**Supplied entries:**
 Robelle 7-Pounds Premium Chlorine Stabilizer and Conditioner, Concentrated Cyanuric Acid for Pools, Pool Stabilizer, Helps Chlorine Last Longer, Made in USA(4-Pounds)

---

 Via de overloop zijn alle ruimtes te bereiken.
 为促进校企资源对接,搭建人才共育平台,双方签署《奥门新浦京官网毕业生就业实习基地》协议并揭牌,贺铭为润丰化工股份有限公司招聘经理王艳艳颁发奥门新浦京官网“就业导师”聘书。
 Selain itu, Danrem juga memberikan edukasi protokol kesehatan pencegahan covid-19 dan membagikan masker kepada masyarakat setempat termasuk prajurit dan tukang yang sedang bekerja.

**Your objective:** The entries above hold the needed span. Transcribe exactly the lines from the one with "为促进校企资源对接,搭建人才" to the one with "Selain itu, Danrem", both included.

**Exercise answer:**
 为促进校企资源对接,搭建人才共育平台,双方签署《奥门新浦京官网毕业生就业实习基地》协议并揭牌,贺铭为润丰化工股份有限公司招聘经理王艳艳颁发奥门新浦京官网“就业导师”聘书。
 Selain itu, Danrem juga memberikan edukasi protokol kesehatan pencegahan covid-19 dan membagikan masker kepada masyarakat setempat termasuk prajurit dan tukang yang sedang bekerja.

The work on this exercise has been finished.